# Bord Gais Energy Bill



## Sesed (1 Feb 2012)

Our bill is 200euro for 2 months.  Is this very high?  I thought our bills should be lower, they always were in other places.  We live in a 1 bed flat.  Heating for the building is controlled centrally so we don't pay for it.  We don't have a washing machine or dryer as we use a laundry room that we pay for separately


----------



## vandriver (1 Feb 2012)

Is this a gas or electric bill?
If gas,what do you use gas for.
If electric,what appliances,and what usage pattern.


----------



## Sesed (1 Feb 2012)

Its electricity.  Appliances are the usuals - cooker, immersion, microwave toaster kettle, computers, lights, fridge
As mentioned heating is not included nor is washing machine and dryer.  In my last place it was around 120 for electricity where it didn't include heating but did include a washing machine etc


----------



## vandriver (1 Feb 2012)

How long do you have the immersion on per day.
How is the water for the shower heated up.
What usage a day for the shower.
Any extra heating that you pay for.
Is there anything different in the energy set up for this apartment compared to others


----------



## mark1 (2 Feb 2012)

It would seem quite high, ours would have been €276.00 inc Vat for the past 2 months, 4 bed 2200sq ft detached house, electric storage heating, washer going daily, immersion on 5hrs at night, electric shower x 3 in the morning, tvs lights etc etc on from 4 to midnight, we would have a nightsaver rate but still it would seem high, If possible turn off and unplug everthing and check your meter actually stops moving.


----------



## Protocol (2 Feb 2012)

Our elec bill for a 4-bed det house is 80-90 for 2 months, so 45 pm.

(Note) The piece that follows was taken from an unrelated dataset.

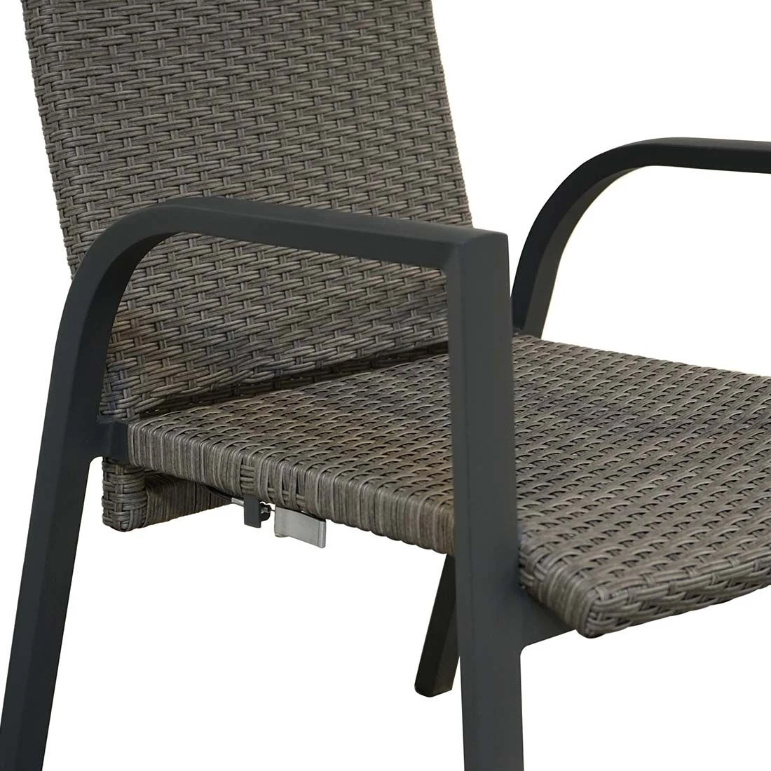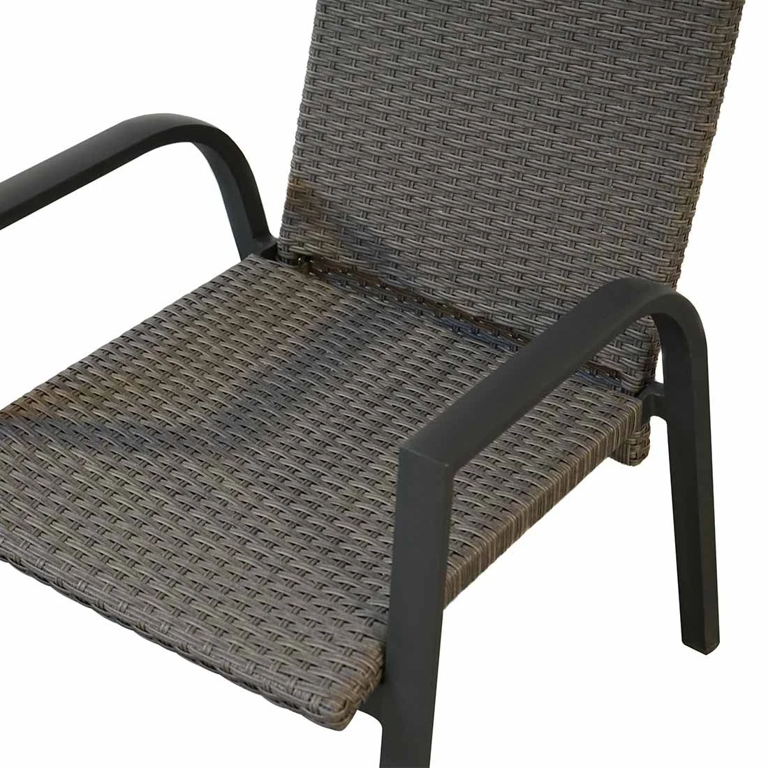 Das Gestell wird aus Aluminium gefertigt. Das geringe Eigengewicht des Materials macht den Stapelsessel zu einem robusten, aber dennoch leicht zu transportierenden Sitzmöbel auf Ihrer Terrasse. Die Sitzfläche des Stapelsessels besteht aus modernem Polyrattan. Ein Material, das sich durch seine lange Haltbarkeit auszeichnet. Für ein perfekt stimmiges Gesamtbild sorgt die einheitliche Farbgebung in stilvollem Grau.

No heating incl, as we have OFCH.

Washing machine, tumble dryer and dishwasher used a fair bit, in my opinion.

No immersion, electric shower, maybe 6 pw.


----------



## Sesed (2 Feb 2012)

Immersion is probably used a good bit - enough for 2 showers and washing dishes every day.  That said we have a timer so we are very careful that it is not left on.
But given that we have no washing machine, dryer, dishwasher etc and heating is not supposed to be included could this be faulty? (We do not use any other heaters) I can't see where we are using  all this. 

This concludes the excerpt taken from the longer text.